Meta-analysis of diagnostic performance of serology tests for COVID-19: impact of assay design and post-symptom-onset intervals

, , , &
Pages 2200-2211 | Received 26 Jul 2020, Accepted 16 Sep 2020, Published online: 07 Oct 2020

ABSTRACT

Serology detection is recognized for its sensitivity in convalescent patients with COVID-19, in comparison with nucleic acid amplification tests (NAATs). This article aimed to evaluate the diagnostic accuracy of serologic methods for COVID-19 based on assay design and post-symptom-onset intervals. Two authors independently searched PubMed, Cochrane library, Ovid, EBSCO for case–control, longitudinal and cohort studies that determined the diagnostic accuracy of serology tests in comparison with NAATs in COVID-19 cases and used QUADAS-2 for quality assessment. Pooled accuracy was analysed using INLA method. A total of 27 studies were included in this meta-analysis, with 4 cohort, 16 case–control and 7 longitudinal studies and 4565 participants. Serology tests had the lowest sensitivity at 0–7 days after symptom onset and the highest at >14 days. TAB had a better sensitivity than IgG or IgM only. Using combined nucleocapsid (N) and spike(S) protein had a better sensitivity compared to N or S protein only. Lateral flow immunoassay (LFIA) had a lower sensitivity than enzyme-linked immunoassay (ELISA) and chemiluminescent immunoassay (CLIA). Serology tests will play an important role in the clinical diagnosis for later stage COVID-19 patients. ELISA tests, detecting TAB or targeting combined N and S proteins had a higher diagnostic sensitivity compared to other methods.

Introduction

On 11 March 2020, the World Health Organization (WHO) described the global COVID-19 outbreak as a worldwide pandemicCitation1. SARS-CoV-2 is the etiologic agent of COVID-19 and primarily attacks the human respiratory system and can cause respiratory infections, diarrohea, and even multiple organ failure in patientsCitation2. By 10 July 2020, there were 12,102,328 cases of COVID-19 diagnosed worldwide and 551,046 deaths had been reportedCitation3. At the time of writing, the pandemic was still severe and the likelihood of persistence of SARS-CoV-2 within the human population is increasing.

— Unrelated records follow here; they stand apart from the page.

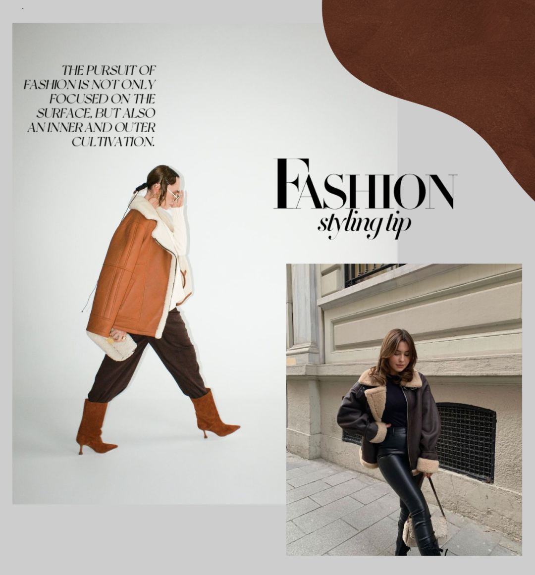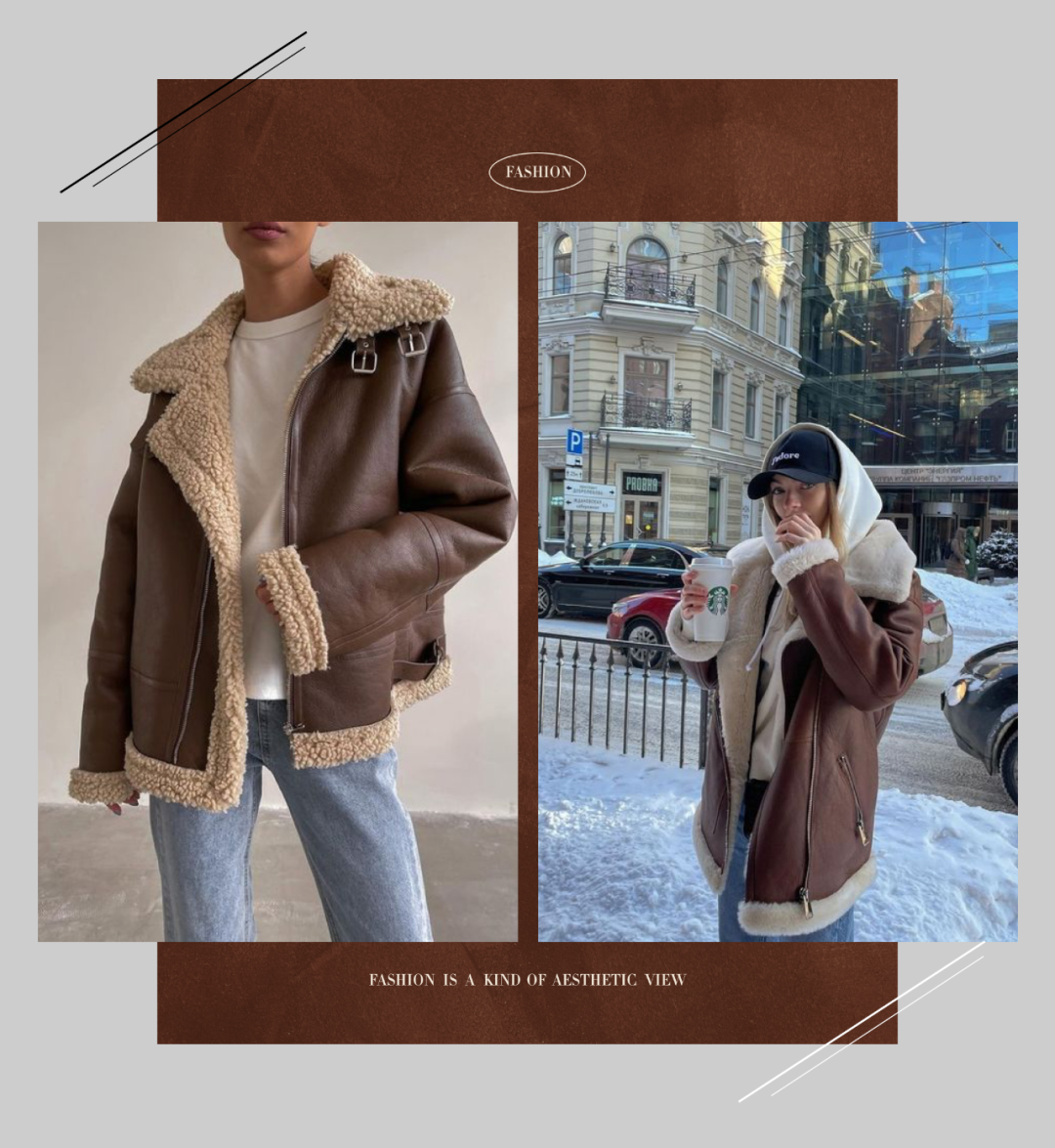 相比黑色纯粹,它似乎保留着一份粗砺,接近大地,也更有原始皮革的风味。当它佐以温暖的羊羔毛包裹身体,是时间赋予的天然之美,让身着的人显得既复古而又生机勃勃。
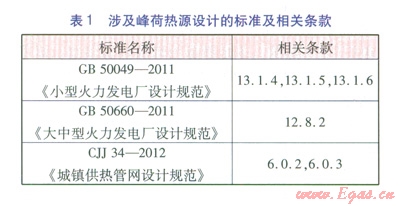 目前,涉及峰荷熱源設(shè)計(jì)的標(biāo)準(zhǔn)及相關(guān)條款見表1。針對(duì)小型火力發(fā)電廠,GB 50049-2011第
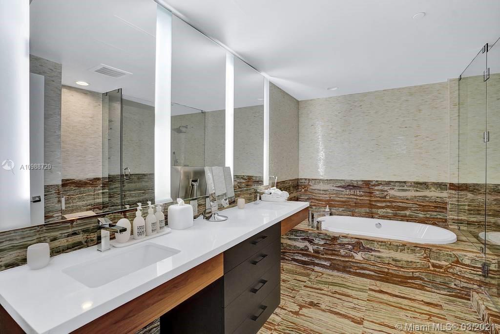 Well laid out 3 bedroom, 3.5 bath luxury unit; each room has their own in suite bathroom and there is a half bath for guest. Ample closet space. This unique unit boasts an oversize terrace/balcony big enough for a large dining table, pool table, living room suite and more. Washer/dryer in the unit, and all other state of the art appliances including a GAS stove, coffee maker, and wine cooler. Private elevator and foyer, extra storage, 1 self-parking space and unlimited complimentary valet parking. 1 Ocean is a fully service 50 unit, boutique building with 24-hour concierge. Beach membership and service included with maintenance.
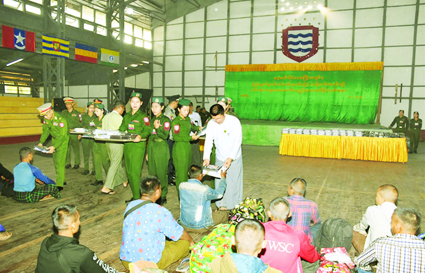 ဦးစွာ တိုင်းမှူးက အမှာစကားပြောကြားပြီး ပြည်သူ့စစ်မှုထမ်း သင်တန်းအမှတ်စဉ် (၁၀) သို့ တက်ရောက်မည့် နိုင်ငံ့သားကောင်းရတနာများအတွက် အသုံးအဆောင်ပစ္စည်းများပေးအပ်သည်။ ထို့နောက်တိုင်းမှူးနှင့်တာဝန်ရှိသူများသည် နိုင်ငံ့သားကောင်းရတနာများအား လိုက်လံနှုတ်ဆက် အားပေးစကားပြောကြားပြီး လိုအပ်သည်များ ပေါင်းစပ်ညှိနှိုင်းဆောင်ရွက်ပေးခဲ့ကြောင်း သတင်းရရှိသည်။
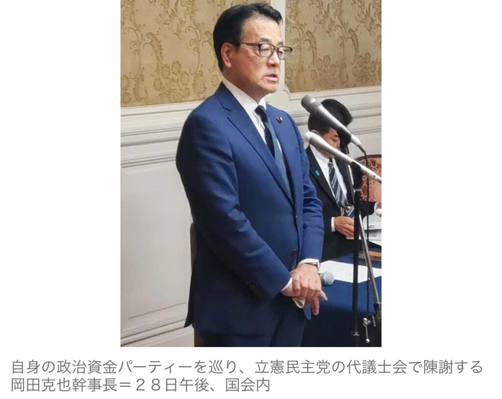 1: 香味焙煎 ★ 2024/05/28(火) 16:15:00.34 ID:HK8hrCO09 立憲民主党の小沢一郎衆院議員は28日、同党が政治資金パーティー禁止法案を衆院に提出しながら一部幹部がパーティー開催を計画していた問題について、「頭がおかしいのではないか。法案を出した... -
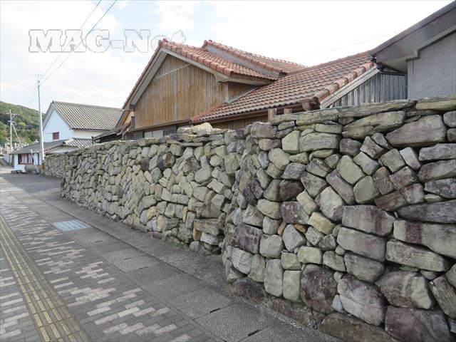 頭ヶ島へ行くときはバスの時間が気になり周りを見る余裕がなかったのですが、改めて車を走らせてみると石を積んだ外塀が多いことに気付きます。
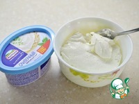 Смешайте творог с творожным сыром. |
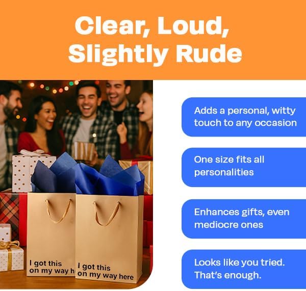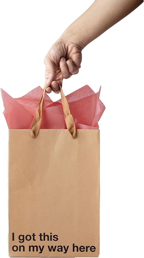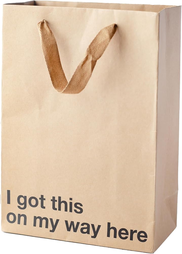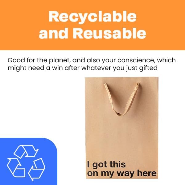 Ever grabbed a gift on the way to an event? This bag has you covered. Our single 7 x 12-inch brown kraft gift bag printed with funny text turns an ordinary present into a hilarious surprise. This funny gift bag not only wraps your gift in style but also gets everyone laughing from the moment you walk in – the ultimate gag gift wrap for anyone who loves to keep gifting fun and light-hearted. Made of high-quality brown kraft paper, this sturdy paper party bag is built to carry your goodies securely. At 7 x 12 inches, our 7x12 kraft bag can accommodate a variety of items – from a book or box of chocolates to a wine bottle – with ease. Strong handles and reinforced seams ensure your surprise stays safe, making it a reliable gift wrap for birthdays, office exchanges, and more. Plus, the durable construction means the bag can be reused, spreading joy (and laughs) time and again. Whether you need a funny holiday gift bag for a Christmas party or a quirky wrap for a birthday present, this versatile bag brings a playful twist to any occasion. The bold message on the front is a guaranteed conversation starter that makes your gift memorable even before it's opened. From Father's Day and Mother's Day to office celebrations, it ensures your gift stands out with humor and quality. Add a bit of laughter to your gifting tradition with a gift bag that's sure to be remembered! Product Features: Medium 7x12 inch size, perfect for books, gifts, and more Made from durable, high-quality brown kraft paper Strong twisted handles for easy and secure carrying Ideal for birthdays, holidays, and special celebrations Lightweight kraft bag folds flat for convenient storage Eco-friendly, recyclable, and reusable gift bag option Great for office parties, gag gifts, and white elephant Durable seams prevent tears, hold heavier items easily Single gift bag is perfect for quick and memorable wrapping
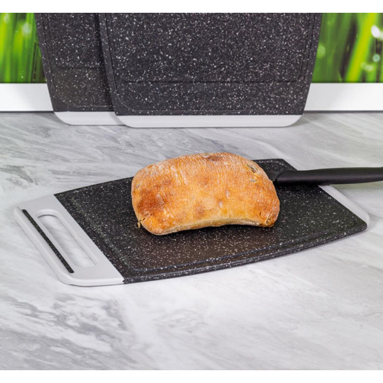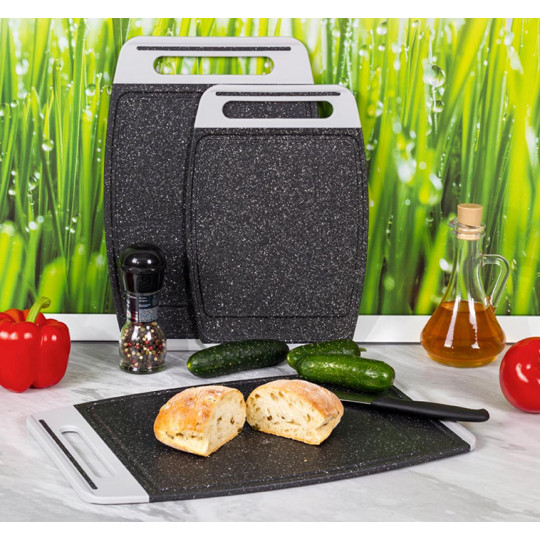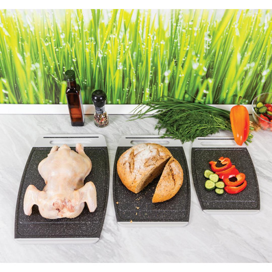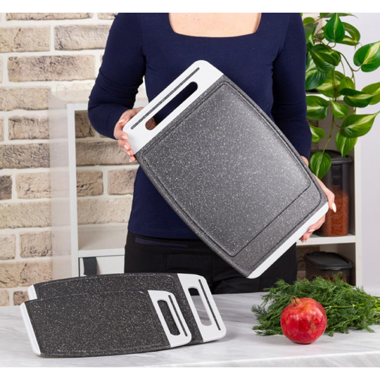 Большой размер и толщина, удобные ручки, антискользящие вставки, долговечный и износостойкий материал, желобки для отвода влаги и сока – это важные преимущества, которые обеспечивают комфортные условия для нарезки любых продуктов.
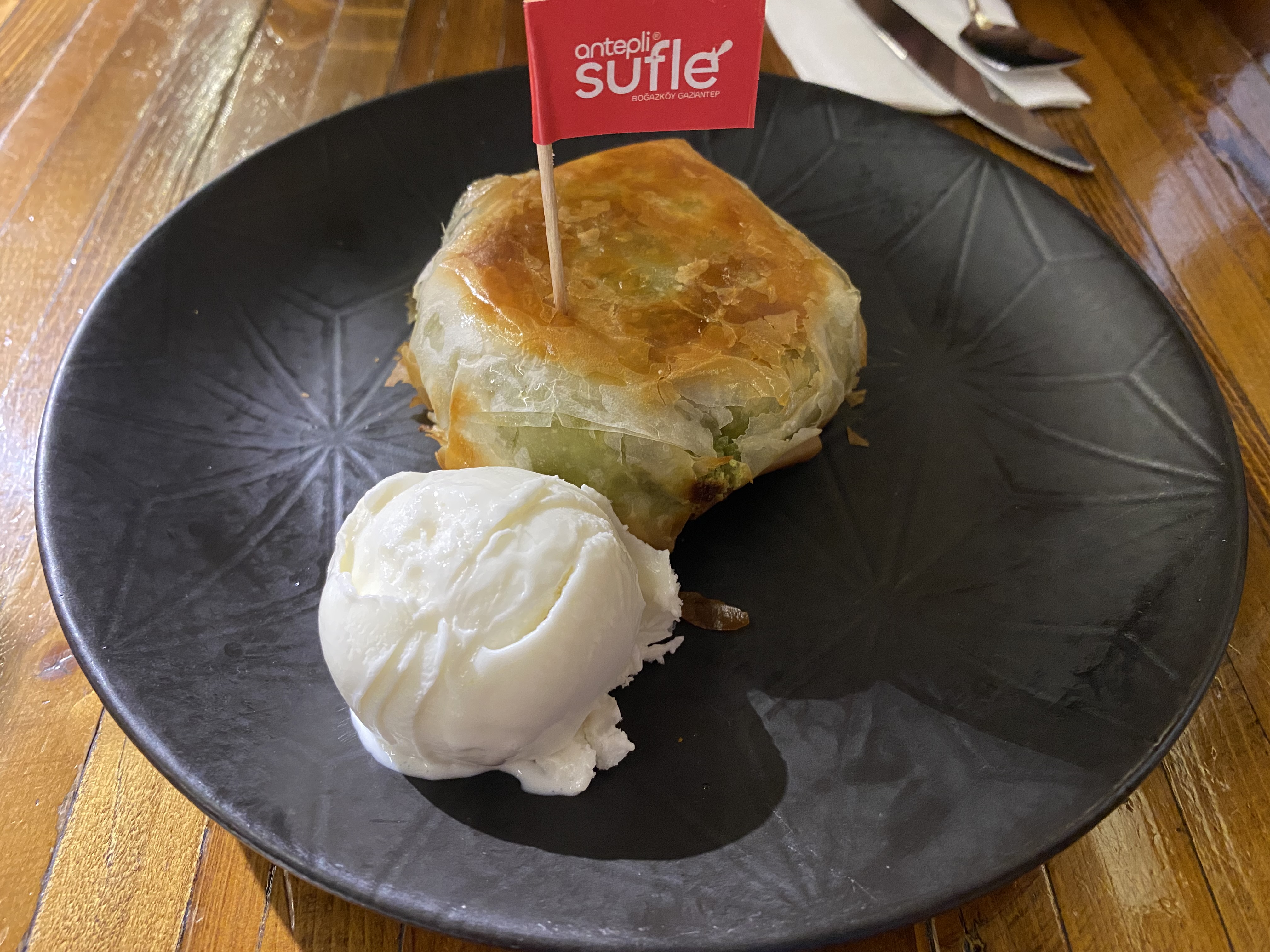 We chose this place because the soufflé here was highly praised. Its name is Boğazköy restaurant. The place was in the back street opposite the university. The place was very stylish and the food was delicious. I chose a menu with salmon as the main course. My wife chose a menu with meat, spinach and potato gratin. It was very delicious, I recommend it. I loved the presentation of the hummus. They made the chips themselves from phyllo dough, decorated the edge of the plate with these chips and brought the hummus to our table. I think it was very successful. Soufflé as dessert after the meal. We requested it. Soufflé was served with ice cream.

As no definitely effective drugs or vaccines are yet available, rapid diagnosis of SARS-CoV-2 infection and quick isolation of the patients and tracing of their close contacts are currently the most effective means of preventing transmission. At present, the definitive diagnosis of COVID-19 mainly depends on the detection of SARS-CoV-2 RNA by nucleic acid amplification tests (NAATs) such as RT-PCRCitation4. Serological methods have also become an important auxiliary testing tool, and play an important role in the diagnosis and epidemiological investigation of COVID-19 casesCitation5–10. At the time of writing, the United States Food and Drug Administration has granted Emergency Use Authorization for 31 serology test kitsCitation11. Serological test methods for the detection of anti-SARS-CoV-2 IgG and IgM antibody include enzyme-linked immunosorbent assay (ELISA), chemiluminescent immunoassay (CLIA), and lateral flow immunoassay (LFIA).

Compared with some NAATs, serological testing is relatively easier to perform and requires less technologically advanced equipment. In addition, the blood samples are less likely to contain infectious SARS-CoV-2 virus than respiratory specimens, decreasing the potential risk of infection to laboratory staffCitation12. However, there are questions remaining to be answered concerning the serological diagnosis of COVID-19. First, studies have reported that the seroconversion happened at 3–14 days post symptom onsetsCitation13,Citation14, which may not facilitate the early diagnosis of the disease. What’s more, the window periods of the different serological tests have not been directly assessed. Second, the specificity and sensitivity of serological methods can vary over the infection time course, and need to be further analysedCitation15. Finally, the impact of assay design on the performance of serological tests has yet to be determined.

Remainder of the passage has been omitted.